How Much Anonymity does Network Latency Leak?

How Much Anonymity does Network Latency Leak? Paper by: Nicholas Hopper, Eugene Vasserman, Eric Chan-Tin Presented by: Dan Czerniewski October 3, 2011

Goal of every anonymous communication scheme is to allow users to communicate while concealing information about who communicates with whom.

The Idea • Chaum proposed sending messages through a “Mix server” that mixes together messages from several senders before forwarding these messages to their destinations, concealing relationship between sender and receiver. • There are many schemes, yet all rely on “mixing” relays.

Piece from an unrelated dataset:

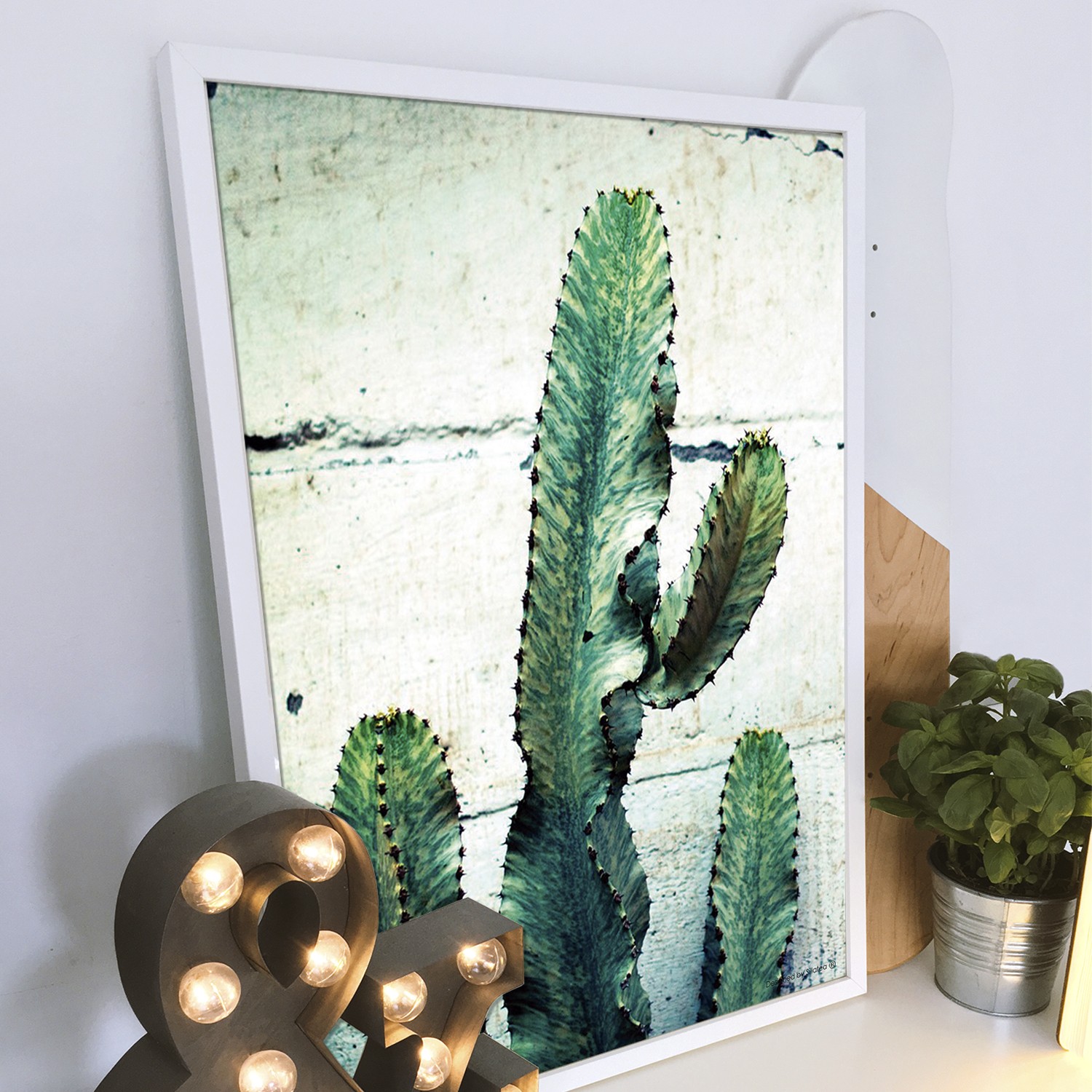 La lámina con marco CACTUS CORDON VINTAGE está diseñada para colgar en la pared de forma bien sencilla, pero también puedes apoyarlo en estanterías o mesas, puede ser una buena opción como elemento decorativo de sobremesa.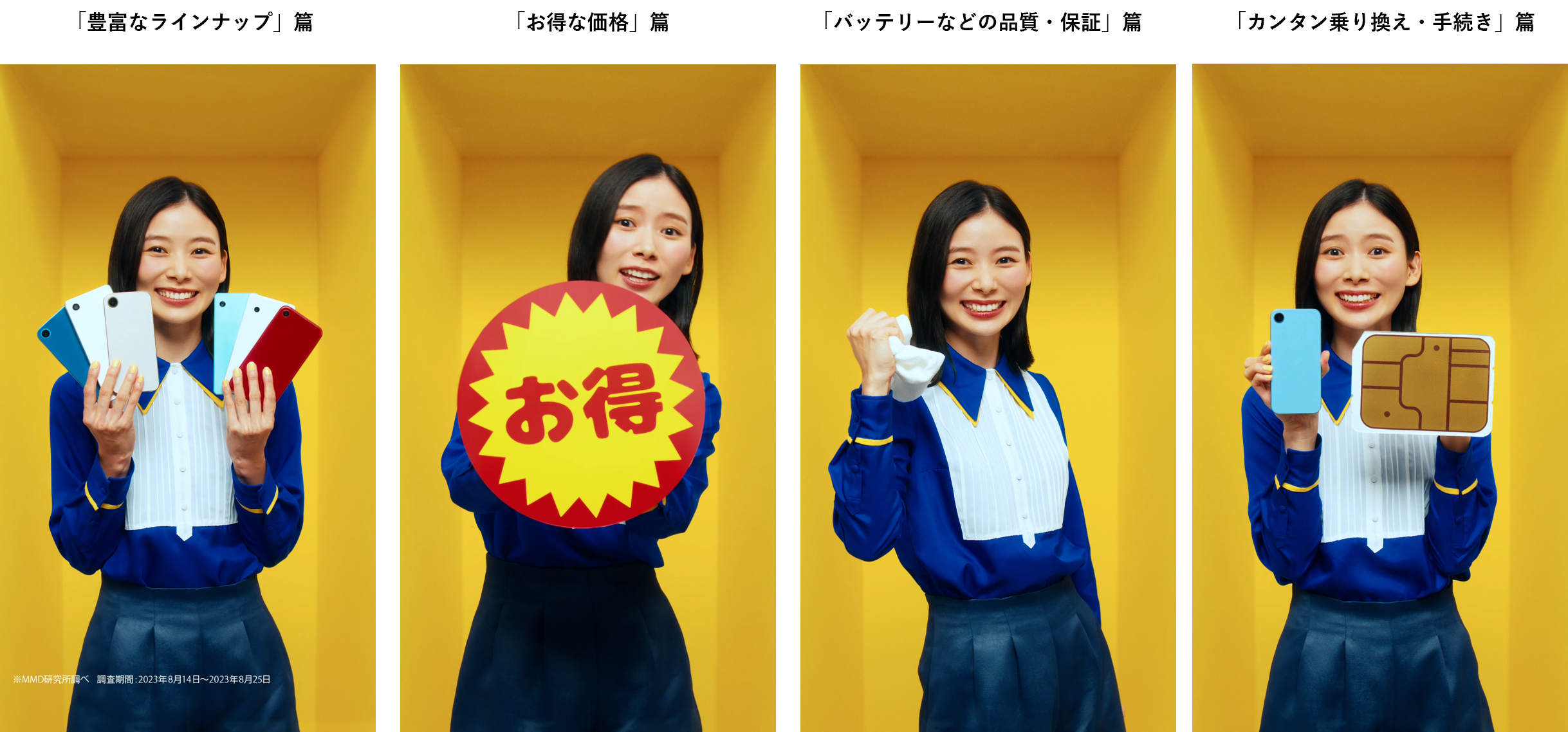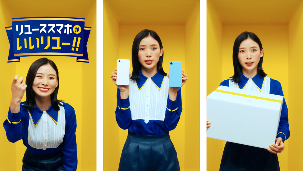 A:みなさん、こんにちは。朝日奈央です。今回も、とっても楽しいCMに仕上がったと思います。多くの方に見ていただいて、リユーススマホという選択肢も検討していただけたらと思います。頑張って声を張って、楽しく元気に撮影したので、ぜひ見てください!

High-latency • Like Mixmaster and Mixminion • Deliver messages at a significant delay • Schemes implement countermeasures that increase delay • Pool Mixing • Consume Bandwidth • Cover Traffic

Low-Latency • Like Tor, I2P, AN.ON, Crowds, Anonymizer.com • Commercial proxy aggregators • Allows anonymous use of application services • Remote login and web browsing • Reduced anonymity guaranteed • Security against “local” adversary

Malicious servers acting as local adversaries can observe the network latency of a connection made over a Tor circuit • 3 experiments that measure the extent to which this information leakage compromises the anonymity of clients using a low-latency anonymity scheme • Analysis of noise-free anonymity leakage • A passive linkability attack • An active client-identification attack

Quick overview of Tor • Low-latency, bandwidth-efficient, anonymizing layer for TCP streams • With use of at least 3 nodes, no node knows the identities of both communicating parties

Latency without Noise • Anonymity circuit imposed no delay at all • Difference between connecting to a server normally and over the anonymity service is in the latter, the client’s IP address is missing • Best possible case for an attack based solely on Round-Trip Time (RTT) information. • Analyzed on MIT King Data Set and PlanetLab systems

Circuit Linking via Latency • 2 colluding servers both accept connections from the same exit node • The 2 servers try to determine whether they are communicating with different clients or the same client.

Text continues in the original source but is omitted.